* **Assigned task**
Please write out exactly, without any picture, each line from the first in the listing through the line that includes "675 000 | |".

* **Records for the task**
────

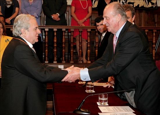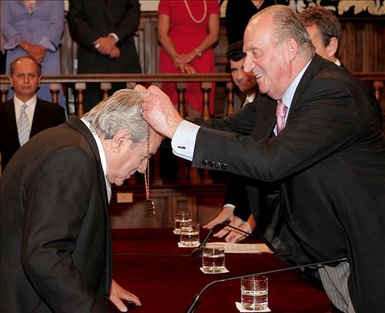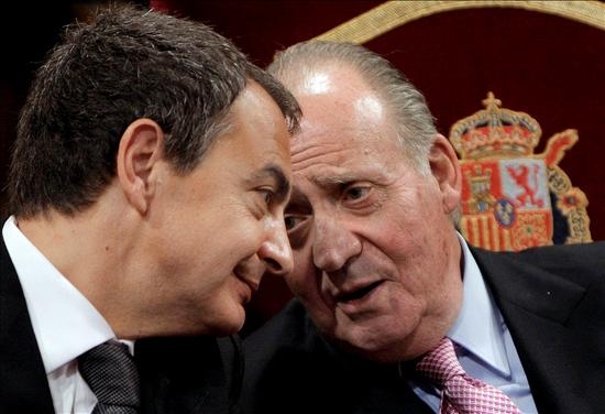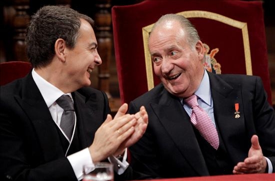 Zapatero y el Rey se ríen distendidamente durante la ceremonia en la que Marsé ha recibido el Premio Cervantes. (EFE)
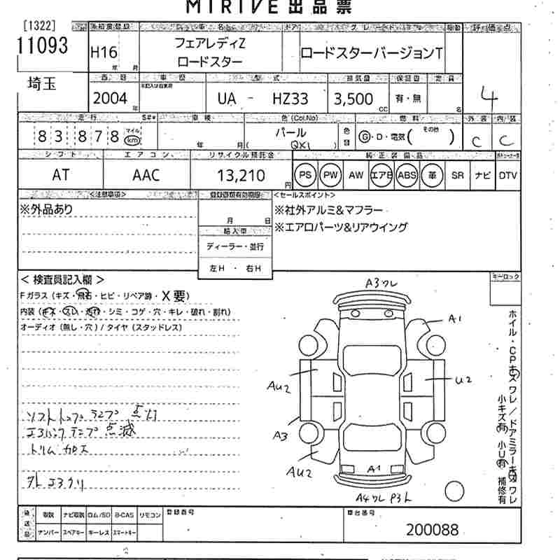 | ROADSTER | UA-HZ33 | VQ35DE(NEO) | FR | 6MT | 3498cc | 280ps(206kW)/6200rpm | AИ-95 | 3 675 000 | |
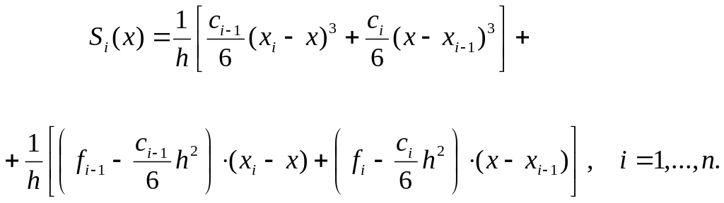 С увеличением числа узлов интерполирования растет степень полинома, что приводит к росту объема вычислений, а чтобы оценка погрешности (20) была конструктивной, требуется высокая гладкость приближаемой функции. Поэтому в середине прошлого века весьма плодотворной оказалась идея использовать кусочно-полиномиальную интерполяцию при помощи полиномов третьей степени, так называемых кубических сплайнов.
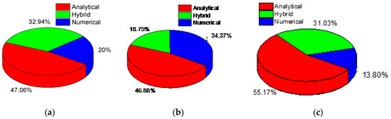 Different analyses employed in percentage to analyze electrokinetic flow in microchannels based on the existing literature. (a) Rectangular channel with electric field applied; (b) Non-rectangular channel with electric field applied; (c) Both electric and magnetic fields applied.
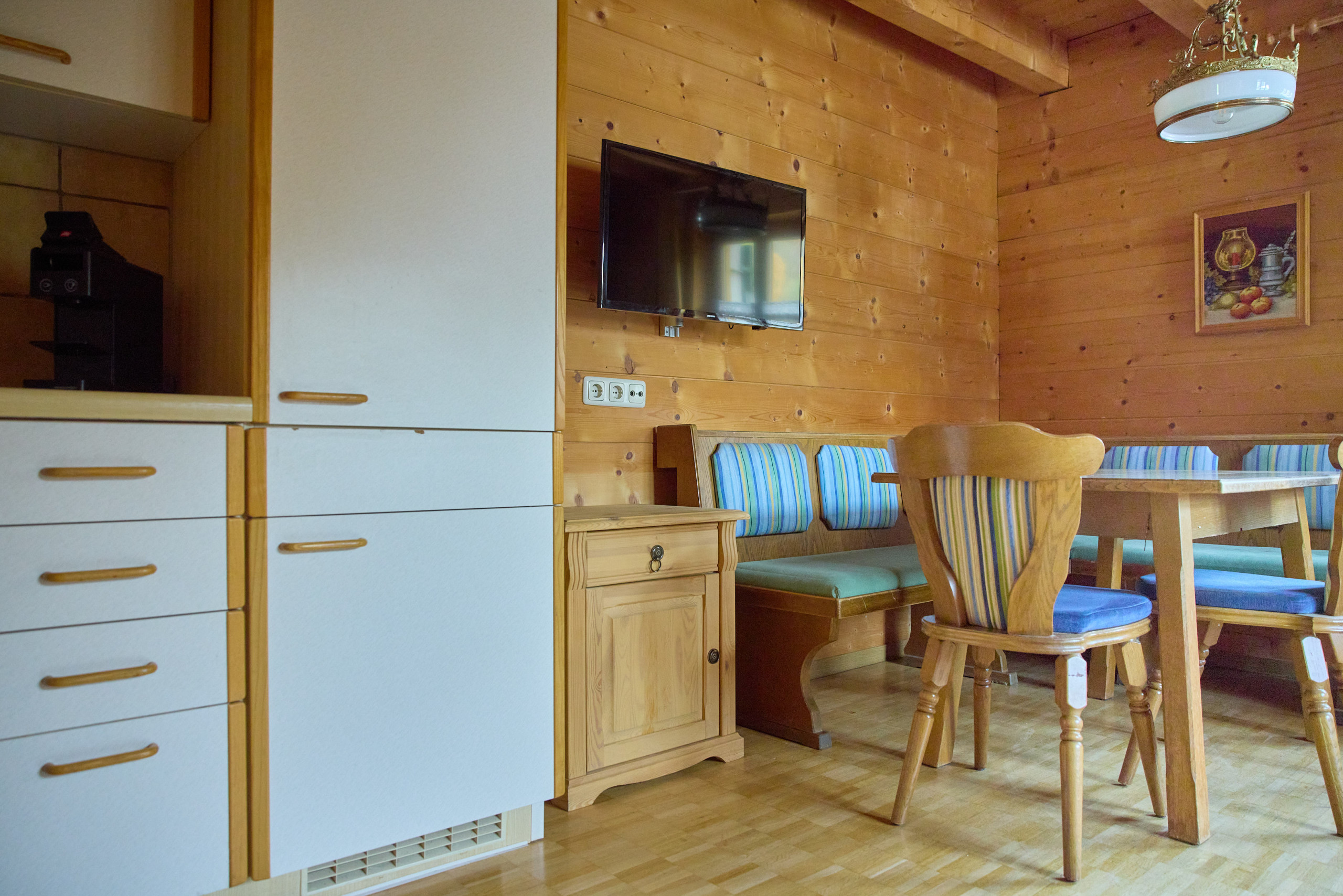 Die voll ausgestattete amerikanische Küche lässt keine Wünsche offen. Mit Kühlschrank, Geschirrspüler, Kaffeemaschine, Ofen und komplettem Küchenequipment kannst du problemlos deine Lieblingsgerichte zubereiten. Ein Satelliten-TV mit deutschen Sendern sorgt für Unterhaltung.
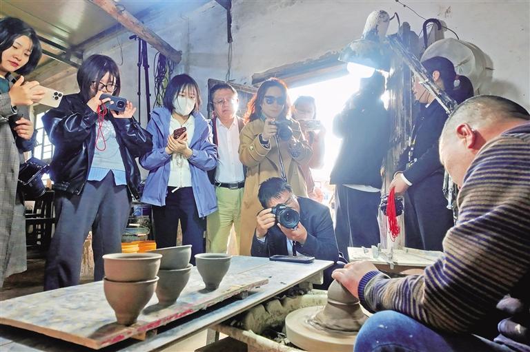 4月1日,2025年“同根祭初祖,同心筑梦圆”境外媒体采访团在澄城县尧头窑文化旅游生态园区观看尧头陶瓷烧制技艺非遗传承人演示拉坯工艺。

────

* **Solution**
 Zapatero y el Rey se ríen distendidamente durante la ceremonia en la que Marsé ha recibido el Premio Cervantes. (EFE)
 | ROADSTER | UA-HZ33 | VQ35DE(NEO) | FR | 6MT | 3498cc | 280ps(206kW)/6200rpm | AИ-95 | 3 675 000 | |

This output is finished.